Prokuratura Regionalna w Szczecinie przedstawiła w styczniu bieżącego roku "Wańce", "Słowikowi" i "Parasolowi" szereg zarzutów związanych m.in. z kierowaniem gróźb pozbawienia życia lub ciężkiego uszczerbku na zdrowiu, wywieraniem wpływu na świadka oraz praniem brudnych pieniędzy.
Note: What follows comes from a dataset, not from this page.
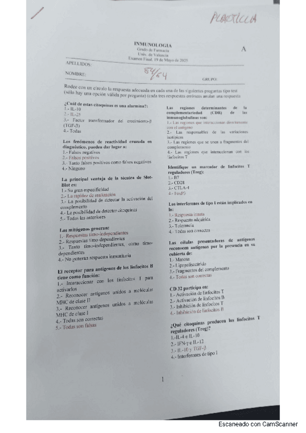 He publicado nuevos examenes de 2º Inmunología: Examen inmunología 2025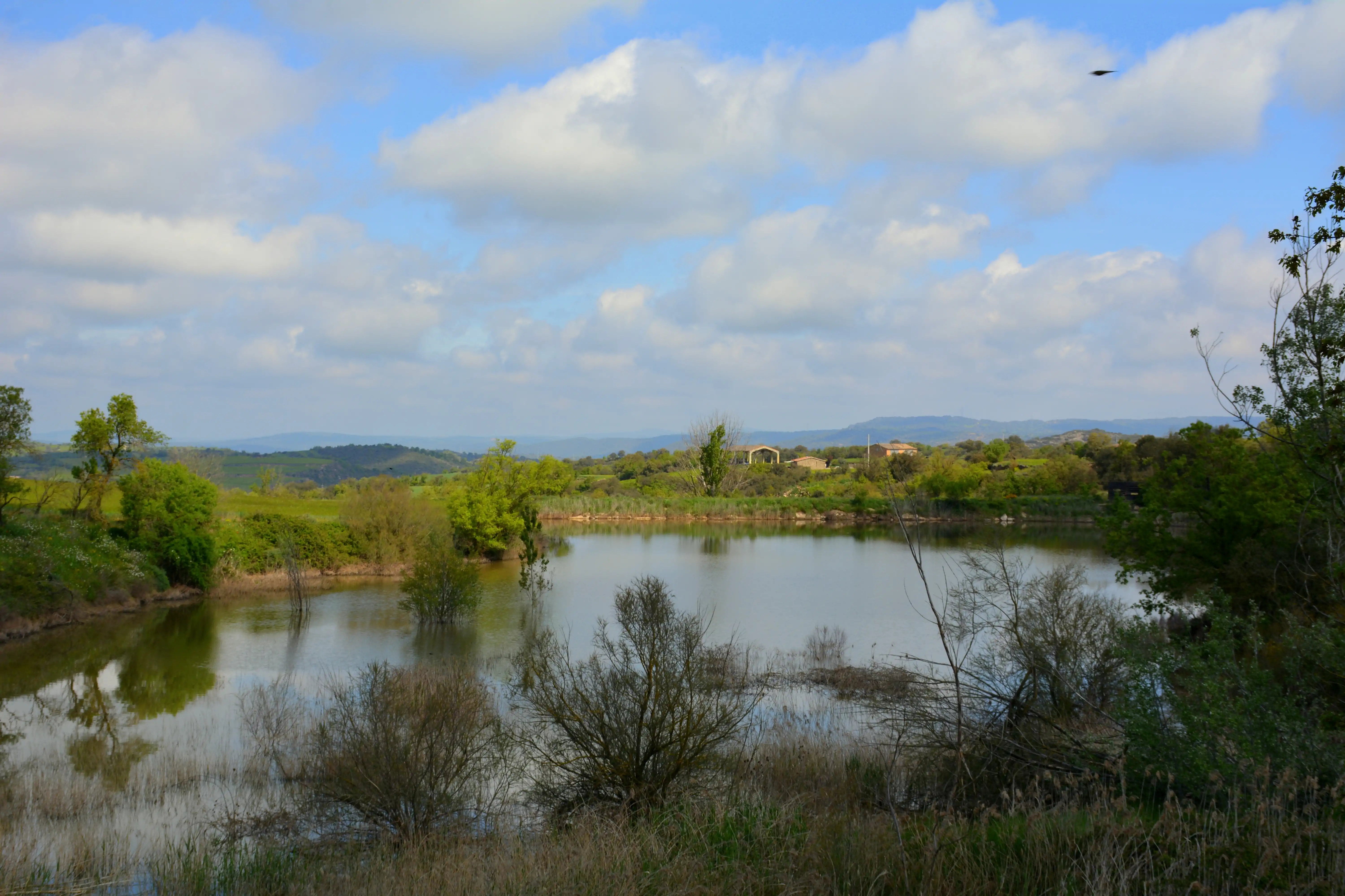 Está situado en un lugar donde predominan los cultivos de secano, separados por pequeños márgenes arbolados. En los márgenes del embalse crecen espadañales, cañaverales, y hay también varios árboles característicos del bosque de ribera, como chopos, sauces blancos, álamos, tamariscos, etc, aunque no llegan a constituir un bosque diferenciado. Destaca la presencia en el agua de comunidades algales, dominadas por potamogeton pectinatus, muy bien constituidas. En la cola del embalse y aguas arriba de éste, el torrente de Palou presenta un extenso carrizal.[1]

Najpoważniejszy zarzut dotyczy jednak próby wymuszenia od znanego biznesmena blisko 3,3 mln zł. Byli liderzy mafii pruszkowskiej trafili do aresztu w marcu.
Sąd Okręgowy w Warszawie podjął we wtorek (25.05) decyzję o uchyleniu aresztu wobec "Wańki", "Słowika" i "Parasola". - Cieszę się, że sąd podzielił moją argumentację. U podstaw postanowienia SO leżały opieszałość i brak podstaw do stosowania najbardziej dolegliwego środka wobec mojego klienta. Prokuratura, wnosząc o przedłużenie stosowania aresztu, powołała się na okoliczności, które w ocenie obrony, a następnie i sądu nie mogły się ostać - powiedziała w rozmowie z portalem TVP Info mec. Julia Dekoninck, obrończyni "Słowika".
Decyzja warszawskiego sądu oznacza, że "Wańka" i "Parasol" wyjdą na wolność. "Słowik" nie podzieli jednak ich losu, ponieważ ciąży na nim tymczasowy areszt w związku z inną sprawą. Kluczowym argumentem przeciwko dalszemu stosowaniu aresztu wobec mężczyzn było to, że prokuratura dysponowała dowodami w sprawie wymuszeń od biznesmena jeszcze przed skierowaniem do sądu aktu oskarżenia w sprawie tzw. wątku ekonomicznego "Pruszkowa". Pomimo tego śledczy nie zdecydowali się na dołączenie tego wątku do aktu oskarżenia.
Przypomnijmy, że w marcu ubiegłego roku w Sądzie Okręgowym w Warszawie ruszył proces "Słowika", "Parasola","Wańki" oraz kilkudziesięciu innych osób, którzy byli częścią dużej grupy przestępczej. "Słowik", "Wańka" i "Parasol" zostali zatrzymani wraz z 11 innymi członkami mafii pruszkowskiej w styczniu 2017 roku. Byli bossowie "Pruszkowa" zajmowali się przestępstwami gospodarczymi, w tym wyłudzeniami VAT, ale również rozbojami i handlem narkotyków. Z ustaleń śledczych wynika, że chronili także gang Sebastiana W., który zajmował się fikcyjnym eksportem produktów spożywczych, w tym np. kawy.
Akt oskarżenia dotyczący przestępczej działalności członków dawnego "Pruszkowa" obejmuje 50 osób i liczy 2222 strony. Materiał dowodowy w tej sprawie zgromadzono w 300 tomach akt i 400 tomach załączników. Według śledczych sprawa dotyczy dwóch grup przestępczych. Jedna z nich działała w latach 2012-2017 i zajmowała się wyłudzeniami VAT. Działalność drugiej przypada na lata 2014-2018. Miała zajmować się ona m.in. rozbojami, handlem narkotykami i podrabianiem dokumentów. Pierwszą z nich miał kierować Sebastian W., a drugą Andrzej Z. ps. Słowik.